# new pics



## BSki8950 (Sep 28, 2006)

these are how they look like today ...


----------



## THE BROTHER'S GRUNT (Sep 29, 2006)

*May i say your ladies look great. How old are they? What strain? Keep it up and you will be smoking real soon.  *


----------



## BSki8950 (Sep 29, 2006)

thanks ... ahh just some ordinary bag seeg .. some friend gave to me... it was some good smoke tho so i decided to grow for my first time... its about 5 or 6 months .. i dunno .. i just dont want to pick them prematurely


----------



## LdyLunatic (Sep 29, 2006)

nice pics...thanks for sharing


----------



## BSki8950 (Oct 12, 2006)

hey just harvested ... ended up with a good amount for my first grow and its some killer stuff ... kinda wish i had more seeds now tho haha


----------



## chezidek (Oct 12, 2006)

share some bud pics with us , your plant seemed very healthy!! congrats!


----------



## THE BROTHER'S GRUNT (Oct 13, 2006)

BSki8950 said:
			
		

> hey just harvested ... ended up with a good amount for my first grow and its some killer stuff ... kinda wish i had more seeds now tho haha


*Congrats on the fine harvest BSki8950. If ya get a chance take a few dry bud shots for us and give us a smoke report. Hey man you got your seeds from a friend just give him a call maybe he has a few more for ya.  *


----------



## BSki8950 (Oct 30, 2006)

Sorry i havent gotten back to you guys thanks alot though... The smoke wasnt as good as i expected but it got me high .... I had 2 plants each about 3 ft high. i recieved about 8oz. after dried ... i thought i would get more... i didnt really take any good pics but i have one really terrible one ..its already gone thats the sad part .. i feel like i should be taking care of my plants everyday but they are not there..


----------



## BSki8950 (Oct 30, 2006)

i want to try and grow some more advanced strains now but im still tryin think why i didnt get as much bud as i could have ... i had them in small pots maybe that could be it ????


----------



## trillions of atoms (Oct 30, 2006)

hey man, 8 ozs of free weed is better than no weed...

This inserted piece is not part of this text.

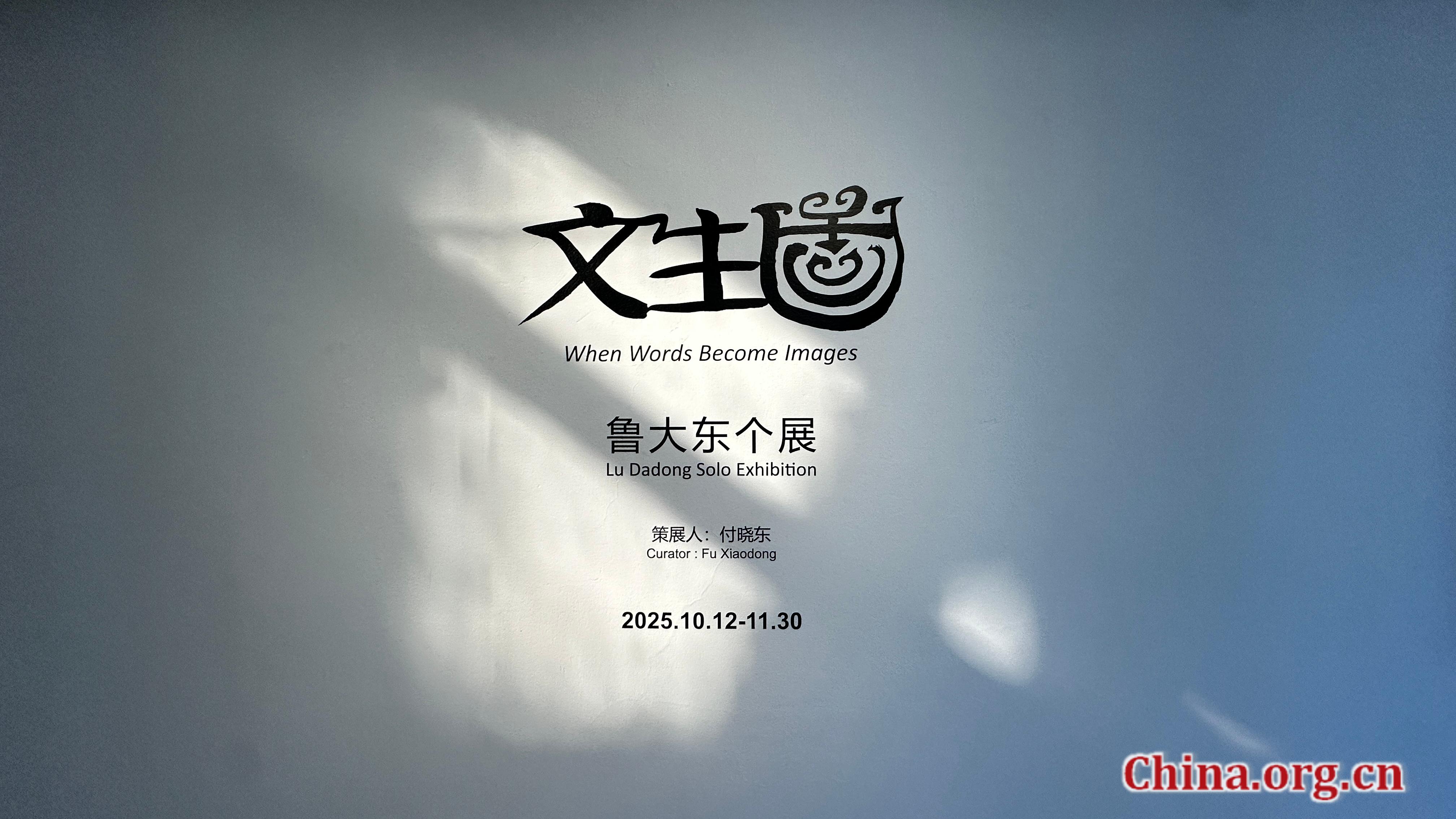 The exhibition banner for "When Words Become Images," a solo exhibition of works by Lu Dadong, at Space Station Gallery, Beijing's 798 Art District, Oct. 21, 2025. [Photo by Liu Ziying/China.org.cn]

sell it to friends for 300 an oz and go buy you an oz or two of someting fire like white widow or some other dank strain grown professionally in yer area.....

i know 100 ppl who would buy that unpressed bud for 20 a gram right NOW


----------



## THE BROTHER'S GRUNT (Oct 31, 2006)

BSki8950 said:
			
		

> Sorry i havent gotten back to you guys thanks alot though... The smoke wasnt as good as i expected but it got me high .... I had 2 plants each about 3 ft high. i recieved about 8oz. after dried ... i thought i would get more... i didnt really take any good pics but i have one really terrible one ..its already gone thats the sad part .. i feel like i should be taking care of my plants everyday but they are not there..

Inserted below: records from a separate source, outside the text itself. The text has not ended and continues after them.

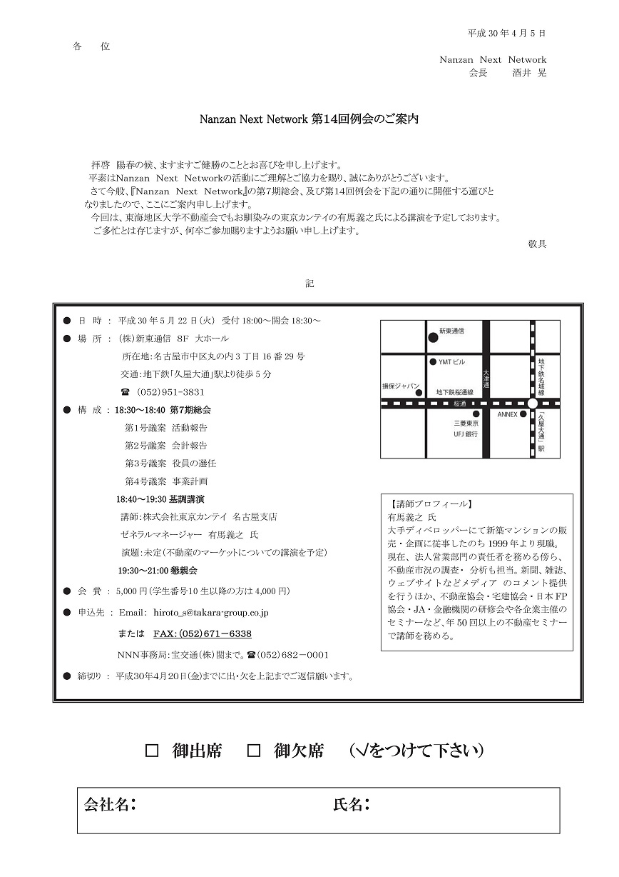 『東海地区大学不動産会 総会・講演会・懇親会』のご案内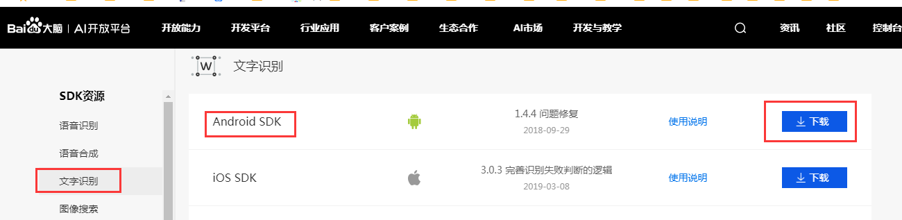 SDK下载:https://ai.baidu.com/sdk/#ocr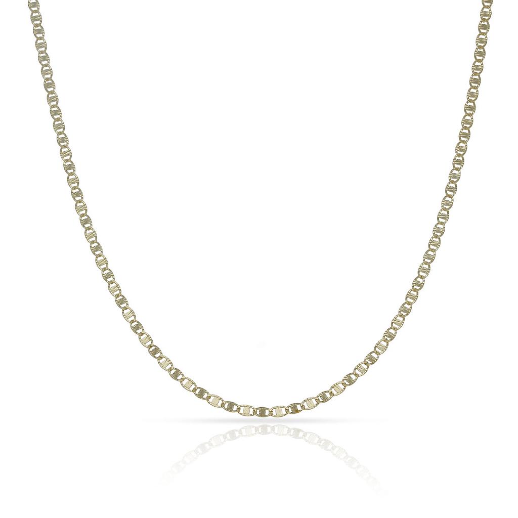 Cadena modelo ancla eslabón hueco plano tallado con terminación en brillo espejo medida de ancho 1,5mm. y largo de 45cm. en oro amarillo de 18k.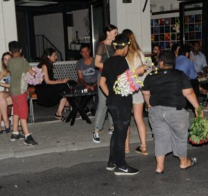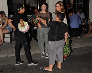 Bir kız arkadaşıyla birlikte yürüyen Burcu Özberk’in etrafını sokak satıcıları sardı.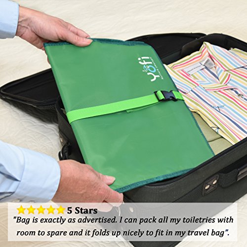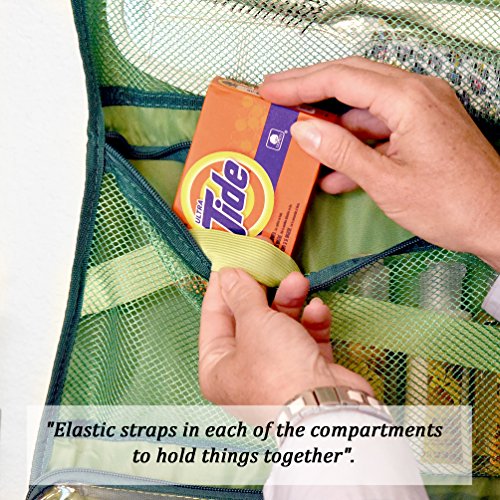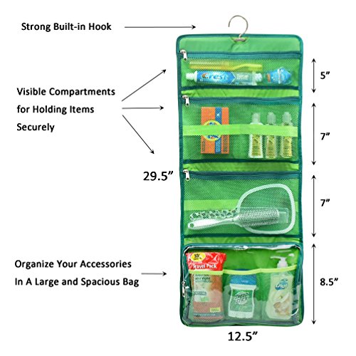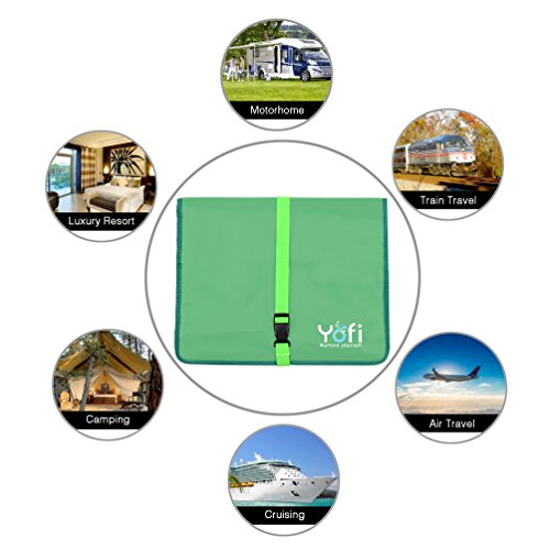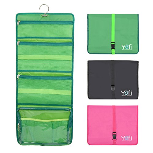 - QUALITY DESIGN: With a stainless green Polyester backing and four zippered pockets that have three with mesh holders and one with clear see-through vinyl; the YOFI NUTURE HANGING TOILETRY BAG will last a long time; two of the pockets have green elastic bands for holding items securely in place without spilling, even if the section is left open; the long panel can be folded up into a small pouch with its adjustable closing strap to fit in a suitcase or carry bag when traveling;
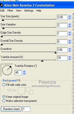 Effetti>Plugins>Alien Skin Xenofex 2.0 - Constellation, clicca su Random Seed e ok.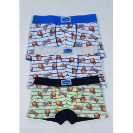 Dětské boxerky Gasolino. Chlapecké boxerky jsou z velmi příjemného a pružného materiálu, různě barevné, s potiskem basketbalového motivu. Horní obvod tvoří pružná širší guma potažená látkou pro komfortní nošení. Obvod nohaviček je volně přeložen, a proto se nezařezává. Do vnitřního dílu je zapracován bavlněný klínek. Barva Vám bude vybrána náhodně nebo můžete barvu poznačit do poznámky. Cena je za jeden kus boxerek.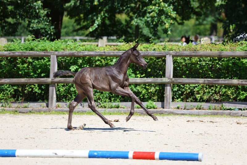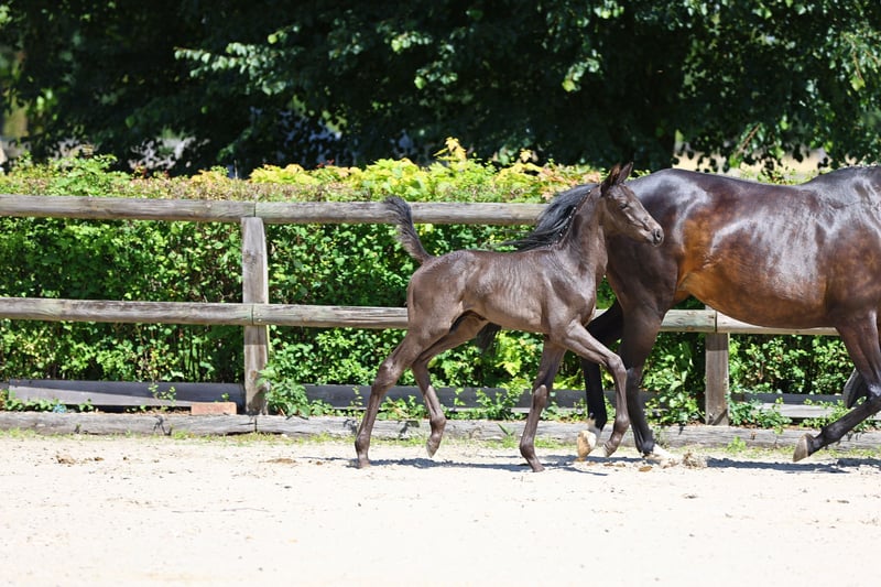 The eagerly awaited first crop of the premium stallion Belun is represented here by this jet black stallion. He impresses us with his classic Trakehner type and his confident appearance. Good mechanics in trot, an expansive canter and a sure-footed walk characterize this foal. Due to his pedigree, he is a candidate for eventing. Belun was premium stallion, best half-blood stallion and best show jumping stallion at the 2022 licensing. He comes from a breeder whose sporting goals are geared towards show jumping and eventing. His sire Nathan de la Tour achieved victories and placings in international show jumping competitions up to 1.40 m and enjoys a good reputation in the French show jumper breeding and enjoys an excellent reputation. The dam produced two successful participants in the Trakehner Free Jumping Cup, Bel Greco and Bel Avion. She carries the valuable blood of the show jumper sire Carajan. The successful advanced (S) level Bel Espace Go is also a close relative. The pedigree of her dam Urlina is top class in terms of her versatile disposition. She is one of the few daughters of the thoroughbred Betel, who has made a name for himself as an internationally successful show jumper at the highest level and as the sire of successful eventing horses. Sapros, Opal and the thoroughbred Arabian Galib ben Afas in the falling dam line positively round off the performance pedigree of this foal.

*Hey man like TOA said 8 oz. of free bud is better then paying for it. Why not buy some seeds online? Anyway i hope you get another grow going soon.  *


----------



## BSki8950 (Oct 31, 2006)

thanks for the advice guys ... it will get better with the help of you guys and this site .. yea not alot of people have the white widow or crazy strains around here ... just called regs and kind bud ..im always keepin my eyes out tho


----------